Michelle Gayer tops her sensational focaccia with sweet, tender strips of roasted butternut squash scattered with thyme and drizzled with honey. Slideshow: Squash Recipes
In a large bowl, mix the flour with the water and yeast. Cover the bowl and let stand at room temperature overnight.
Grease a large bowl with olive oil. In the bowl of a standing mixer fitted with the dough hook, combine the starter with the flour, water and yeast and mix at medium speed for 8 minutes. Let rest for 20 minutes, then add the salt and mix at medium speed until smooth and tacky, about 8 minutes. Scrape the dough into the greased bowl and shape it into a ball. Cover and let stand in a warm place until doubled in bulk, about 1 hour.

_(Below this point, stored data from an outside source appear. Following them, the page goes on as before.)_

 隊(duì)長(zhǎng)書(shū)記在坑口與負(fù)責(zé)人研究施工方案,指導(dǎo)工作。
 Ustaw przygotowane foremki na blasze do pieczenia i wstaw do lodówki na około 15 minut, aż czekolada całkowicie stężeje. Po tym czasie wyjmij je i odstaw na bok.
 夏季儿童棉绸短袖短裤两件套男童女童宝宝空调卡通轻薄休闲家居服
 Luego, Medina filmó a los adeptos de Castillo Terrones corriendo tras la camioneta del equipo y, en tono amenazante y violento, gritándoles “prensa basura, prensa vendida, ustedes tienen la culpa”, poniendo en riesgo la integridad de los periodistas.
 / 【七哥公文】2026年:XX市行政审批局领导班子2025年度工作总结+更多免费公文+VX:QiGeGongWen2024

Transfer the dough to a lightly floured work surface and cut it in half. Shape the dough into 2 balls and transfer to a parchment-lined baking sheet. Brush the balls with olive oil, cover with plastic wrap and let stand until doubled in bulk, about 1 hour.
Preheat the oven to 400°. In a large bowl, toss the squash with the 2 tablespoons of olive oil and season with salt and pepper. Spread the slices in a single layer on 2 large rimmed baking sheets and roast for about 15 minutes, until tender; let cool completely. Increase the oven temperature to 450°.

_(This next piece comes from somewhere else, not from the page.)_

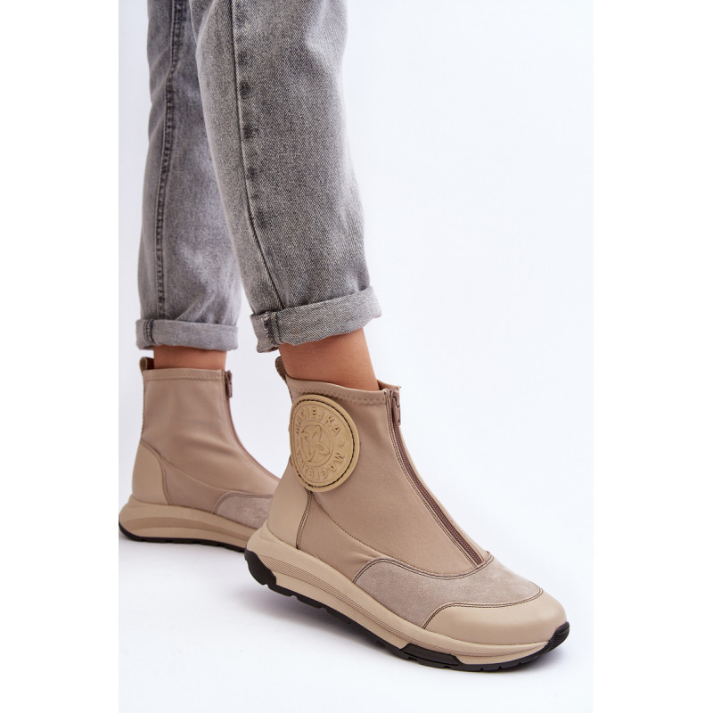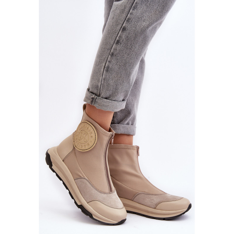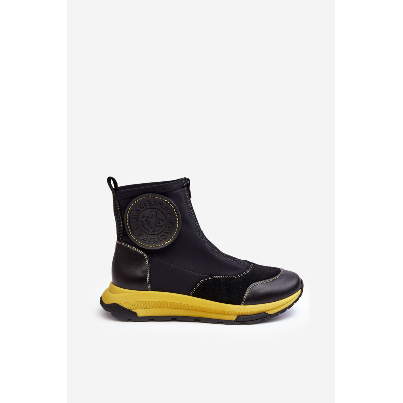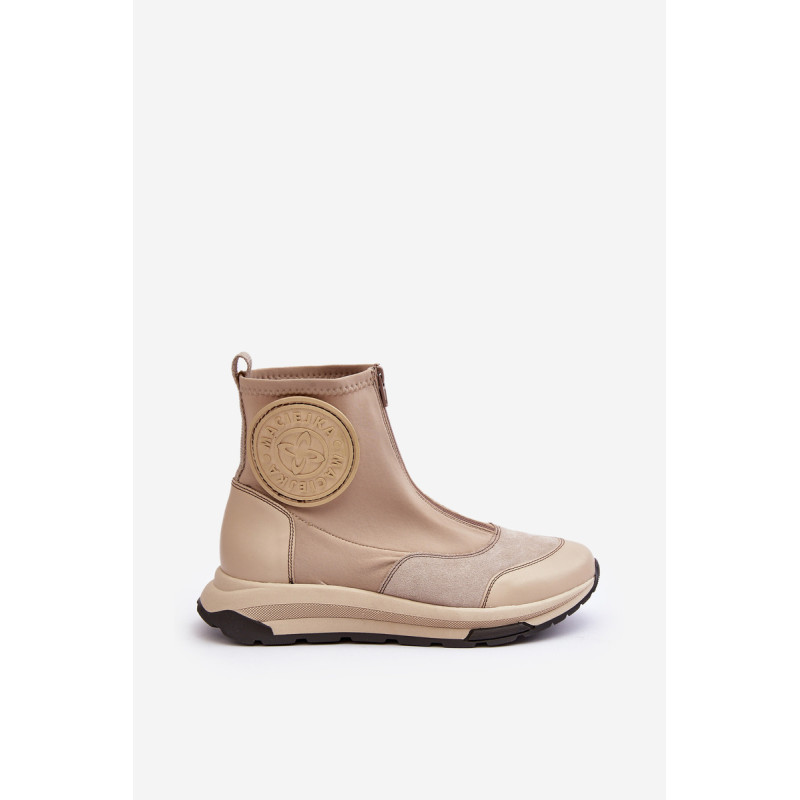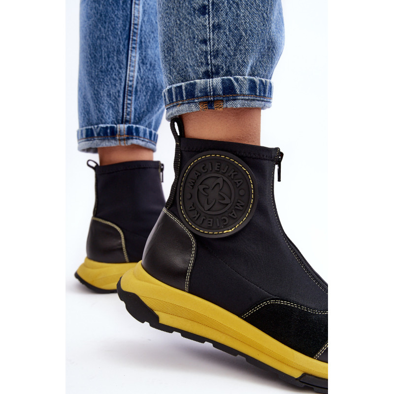 Maciejka sportinio stiliaus moteriški batai. Pagaminta iš aukščiausios kokybės natūralios odos ir audinio derinio. Viršutinėje pusėje yra didelis prekės ženklo logotipas. Šis modelis priekyje užsegamas užtrauktuku. Pirštai suapvalinti. Sutvirtintas skaitiklis. Rinkdamiesi dydį žiūrėkite dydžių lentelę.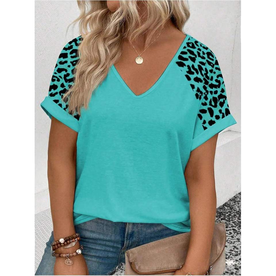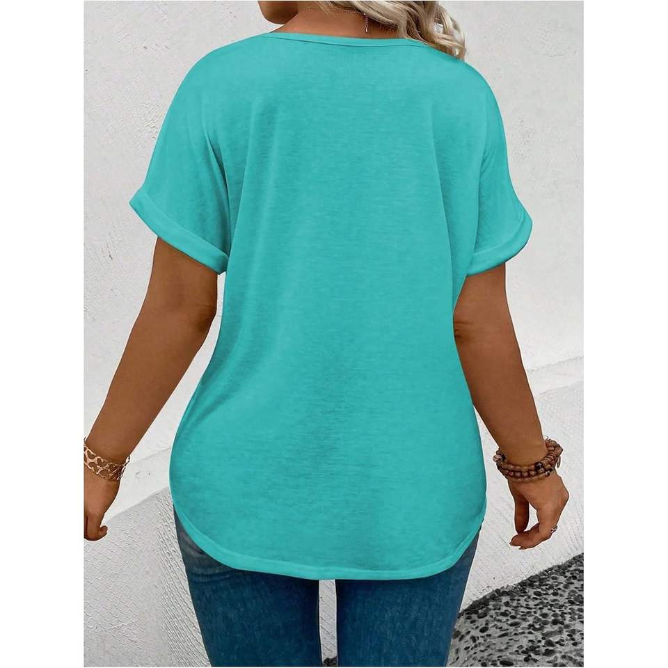 T-shirt personnalisé pour femme grande taille à manches courtes, col en V, en polyester tricoté, haut d'été à manches régulières

Gently curl the cooled squash slices and press them into the dough. Brush the focaccia with olive oil and bake for 25 to 30 minutes, until risen and browned on top. Transfer to a rack and let cool for 5 minutes. Drizzle honey on top and sprinkle with thyme leaves and Maldon salt. Serve warm.
The focaccia can be made earlier in the day and rewarmed before serving.
Dry Alsatian Riesling tends to have intensely concentrated fruit flavors, which are terrific with autumn vegetables like squash.